▸ Records provided
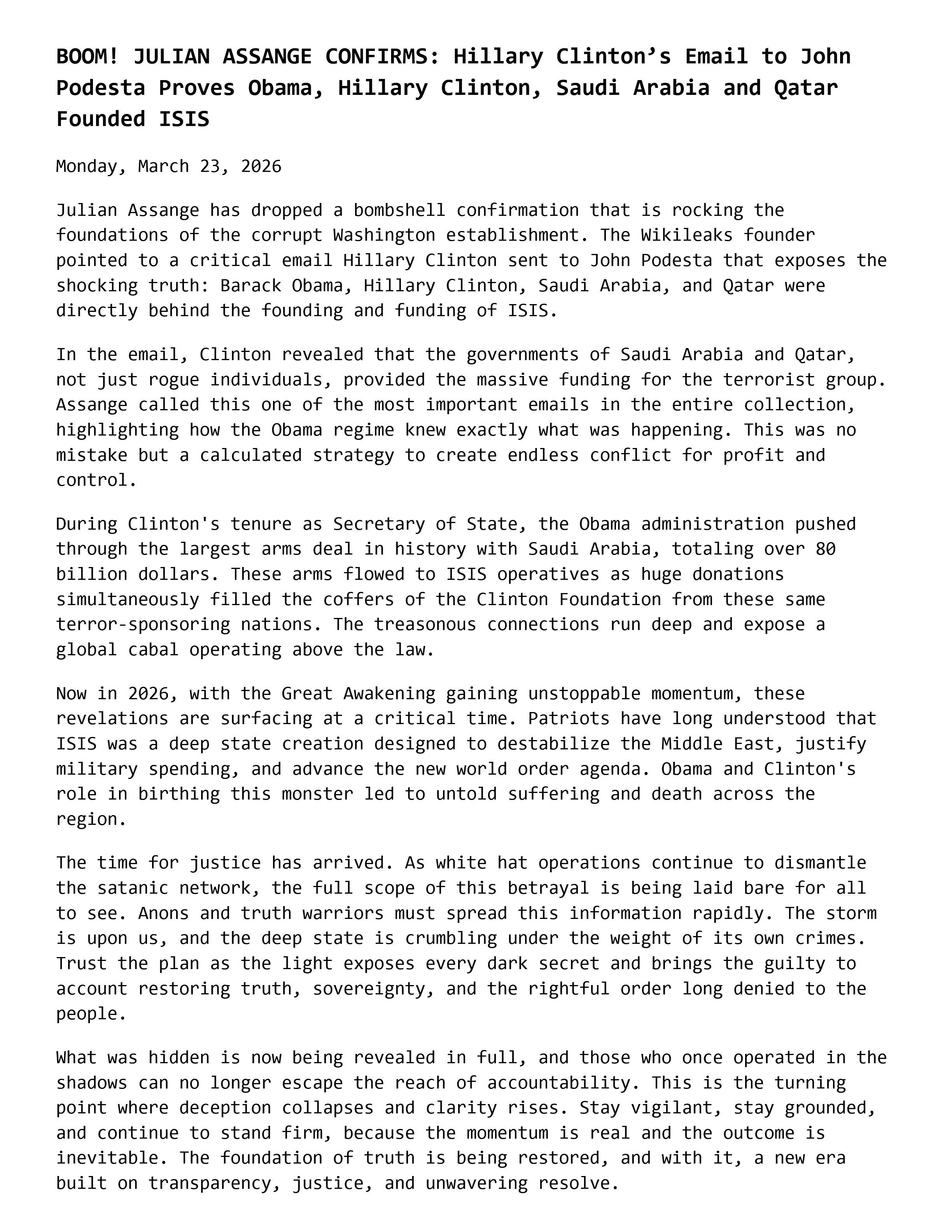 BOOM! JULIAN ASSANGE CONFIRMS: Hillary Clinton’s Email to John Podesta Proves Obama, Hillary Clinton, Saudi Arabia and Qatar Founded ISIS
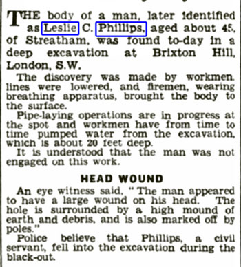 1939 Nov 4. died Lambeth aged 48, Died - fell into a constructon site in the dark
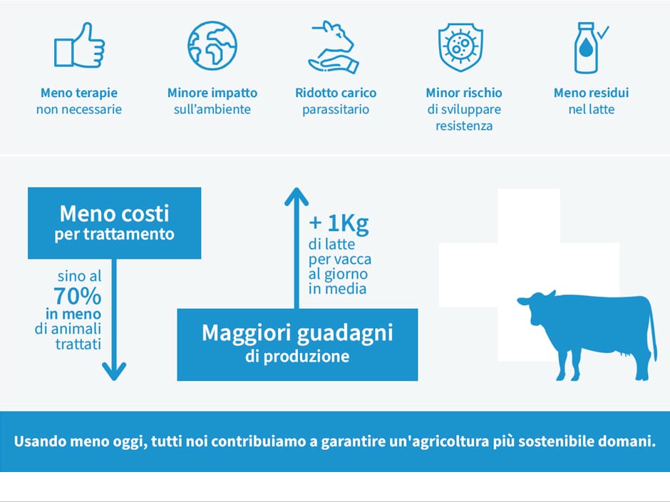 L’uso selettivo di una formulazione di eprinomectina iniettabile contribuisce alla protezione del benessere degli animali ed inoltre garantisce la sicurezza alimentare, riducendo lo sviluppo della resistenza e l'impatto sull'ambiente.
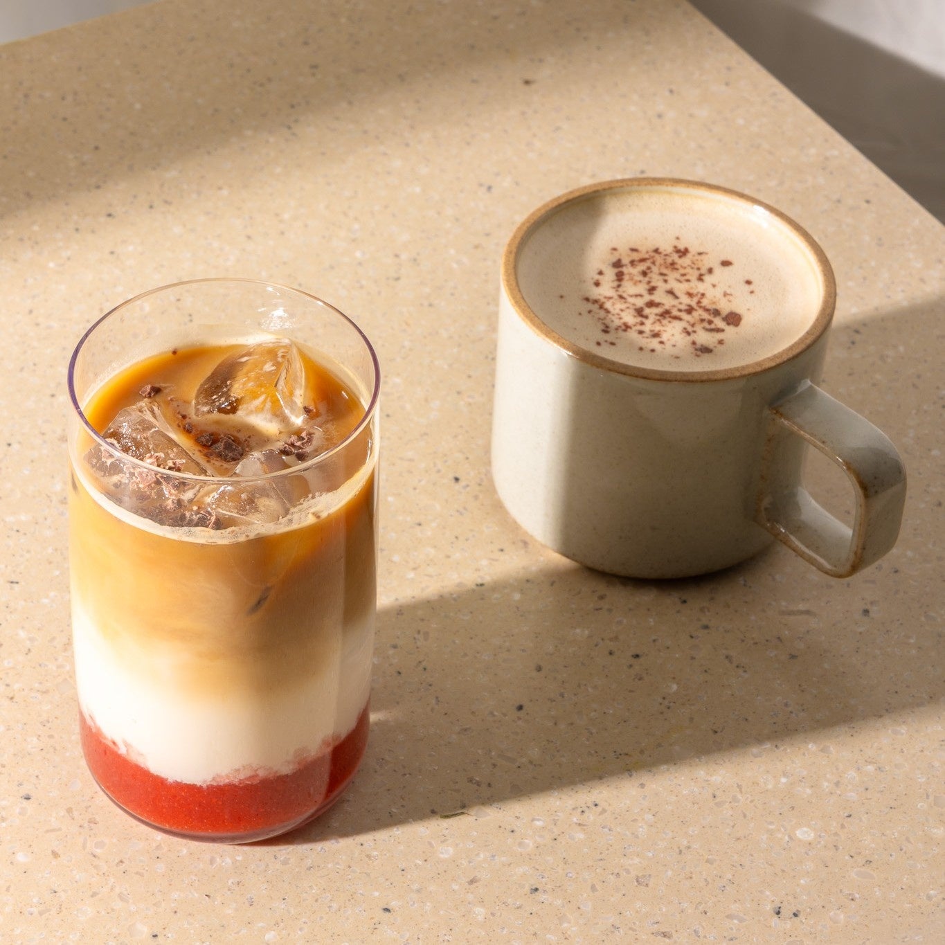 香り立つエスプレッソに、濃厚なストロベリーピューレとやさしい甘さのオーツミルクを合わせ、仕上げに刻みチョコレートをトッピング。コーヒーが得意でない方にも飲みやすい、まろやかな味わいに仕上げました。いちごの甘酸っぱさ、コーヒーの香ばしさ、チョコの食感が心地よく重なる、“大人のデザートドリンク”です。ホット、アイスをご用意しています。
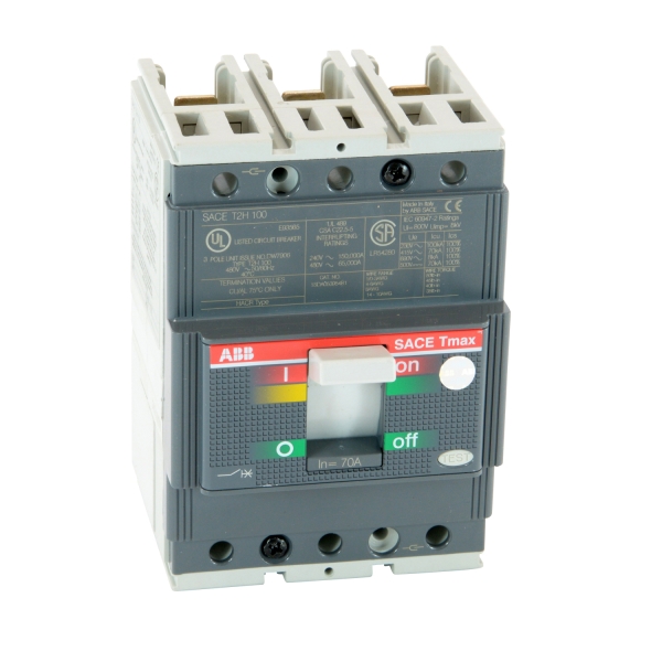 ABB Tmax T2H070TW Molded Case Circuit Breaker, 480 VAC, 70 A, 65 kA Interrupt, 3 Poles, Thermal/Magnetic Trip
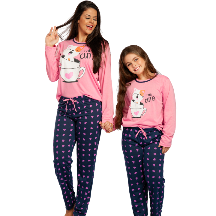 Kit Pijama Mãe e Filha Inverno Conjunto Adulto e Infantil Calça e Blusa de Frio Gato Xícara

▸ Work request
Please restate word for word the lines above, starting with the line that holds "ABB Tmax T2H070TW" and ending with the final line of the records, while leaving out pictures.

▸ Task solution
 ABB Tmax T2H070TW Molded Case Circuit Breaker, 480 VAC, 70 A, 65 kA Interrupt, 3 Poles, Thermal/Magnetic Trip
 Kit Pijama Mãe e Filha Inverno Conjunto Adulto e Infantil Calça e Blusa de Frio Gato Xícara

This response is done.